You will need to evaluate each resource you use for research, whether it is an online or print journal article, a website, a book, a newspaper article, or other source that you want to cite.
Use the questions in this guide to analyze materials and to assess how appropriate they will be for your research. Keep in mind that many publications have a particular bias or agenda, which may not be obvious at first glance.
Don't expect to be able to answer every question, all the time, for all information resources you look at. Rather, try to use the questions as a tool to help you look at sources critically.
It seems obvious to state that no one is an expert at everything but it's easy to overlook an author's credentials - especially when reading something online.
Anyone with an internet connection has the potential to publish and distribute information - it's up to you to assess whether or not the materials you find have been written by an authority on the subject.
When assessing authority of an author, ask yourself the following:
Why Question the Author or Source?
If you cannot find an author or an organization connected to a source, be very suspicious. If no one wants to stand behind the work, why should you believe what is written there? Even if you can find an organization or author you still need to be cautious and make sure that the organization and/or author are who they say they are. This may include further research on a particular author or organization.
Some materials that you find will be written by academics, for an academic audience - and their authority, accuracy and scope will be relatively easy to analyze and some will be written for a general audience - with qualities that are equally easy to assess.
For information on deciding whether a source is scholarly, go the the Scholarly Sources guide.
Why Question the Accuracy of a Source?
In the scholarly publication process there are a number of steps journal articles go through called peer-review. When an author submits an article an editor can assign it to two, sometimes as many as four, independent referees, who have similar expertise to the author. The referees review the article and write reports that recommend acceptance, acceptance with minor changes, acceptance with major changes, or rejection. Acceptance rates vary depending on the prestige of the journal, and the entire process can take up to a year.
When you search the web, you will usually find a combination of online scholarly journal articles (many provided to you by UBC Library) and other websites. While individual websites may be written by experts and have some sort of editing process in place, there is no overall system for vetting the web. This lack of review and revision process means that not all Web pages are reliable or valuable. Documents can easily be copied and falsified, or copied with omissions and errors - intentional or accidental.
Data presented in a source may be original work by the author, or may be taken from another source. Just because data is presented in an attractive graph or chart, it doesn't mean it's accurate. For more information on good and bad graphs, see Gallery of Data Visualization.
Why Question the Currency of a Source?
Currency of information is particularly important in the sciences as findings can change drastically in short periods of time. How current the source you are looking at is relevant because you want to know that the information is updated or revised if necessary. On the other hand, some sources may remain authoritative even though they are older. Some older sources are "seminal works" which represent the starting point of a new discipline, or the jumping off point of a new way of looking at a problem. An example is Alan Turing's article, "The Chemical Basis of Morphogenesis," in Philosophical Transactions of the Royal Society, London, 237B, 37-72, 14 August 1952.

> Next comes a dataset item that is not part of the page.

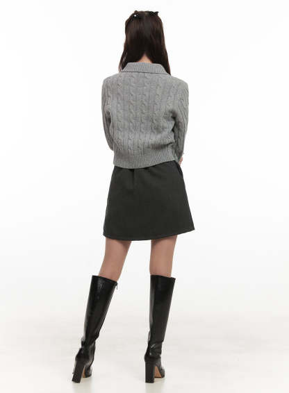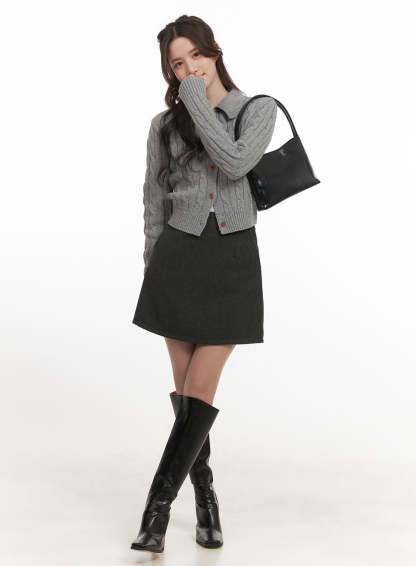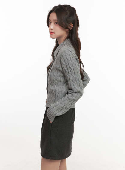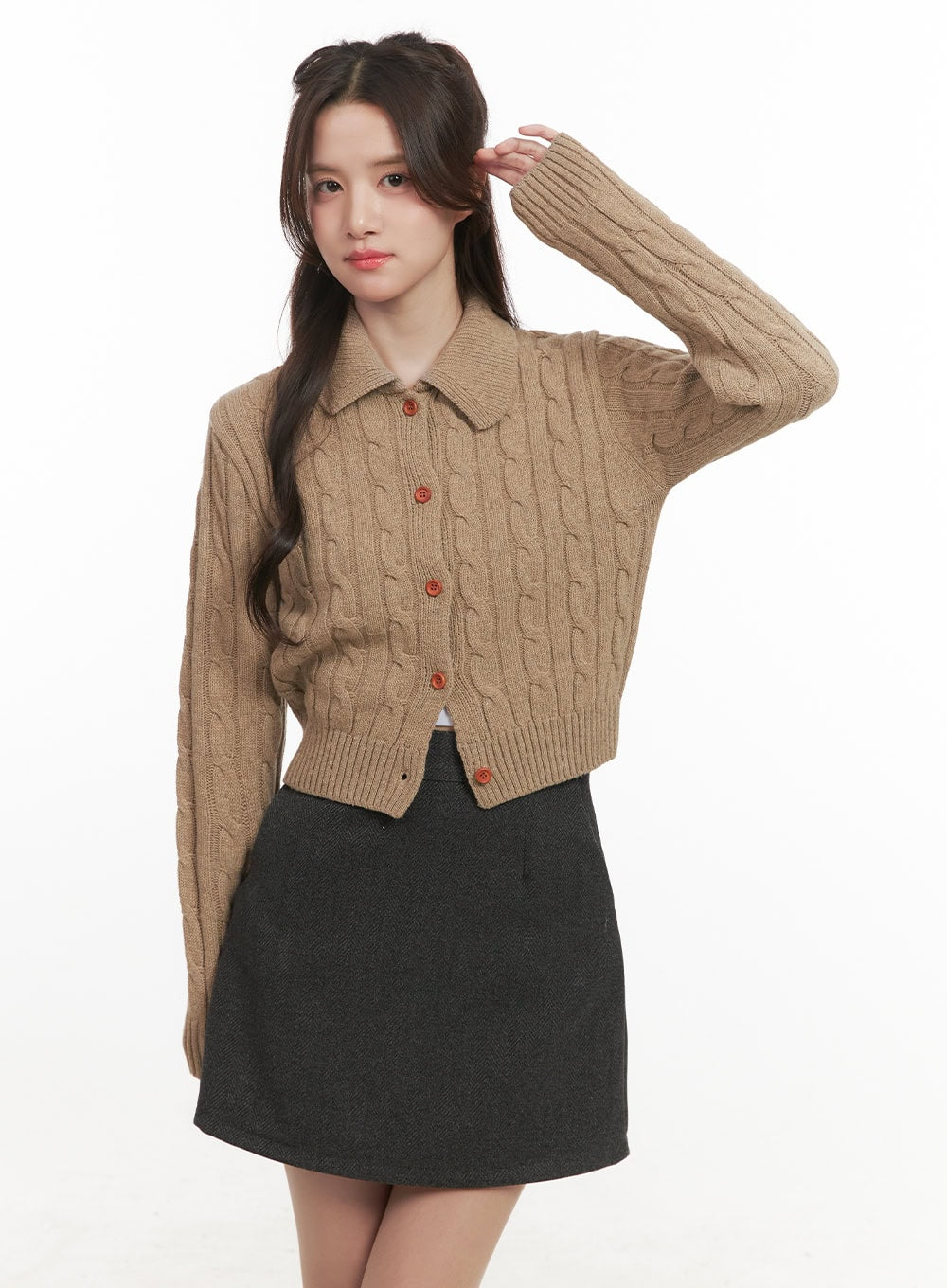 Cable-Knit Collared Buttoned Cardigan CJ514

Why Question the Objectivity of a Web Page?
If advertisements are present look for a relationship between the content of the page and the advertising. Are the advertising and content connected? Ask yourself if the sponsors of the advertisements could have sponsored the research reported.
For example: You find a Web page about a vitamin supplement and the page has advertisements flashing over it, selling the same health supplement. Be cautious and skeptical that the content of the page is without bias. Make sure that the information is factual, not just testimonials of satisfied 'customers'.
Check other sources to verify the information. Look closely at how information is presented. Are opinions clearly stated, or is the information vague? It is acceptable for a page to present a biased opinion, but you as the consumer of the information should know what that opinion is, it should be clear, not hidden.
Why Question the Coverage of a Source?
Be wary of sites like wikis whose content may change rapidly and dramatically.
If you are looking at a website for which there is a print equivalent check to see if the entire work is online. If it is a portion of the work make sure that quotes have not been taken out of context or information has not been misrepresented.
You want to ensure your sources are at the appropriate level for your research, and distinguish between facts and opinions. What is the difference between fact and opinion?
Facts are usually verifiable. Opinions may be based on factual information, but evolve from the interpretation of facts. Most scholarly work will contain both; for example, scientists develop interpretations of data from several points of view successively in their writing. Each point of view expresses the implications of a different assumption. Think of these writings as the interpretations themselves (i.e., a record of the process of interpreting). That record of process is extremely valuable to you when you find and recognize it because it gives you models for your own thoughts (either to emulate or avoid).
SIFT: a four-step technique developed by Mike Caulfield from the University of Washington, used to assess information and appropriate for anyone who engages in information-seeking behaviour.
RADAR: a framework designed by Jane Mandalios from the American College of Greece to help students evaluate online resources.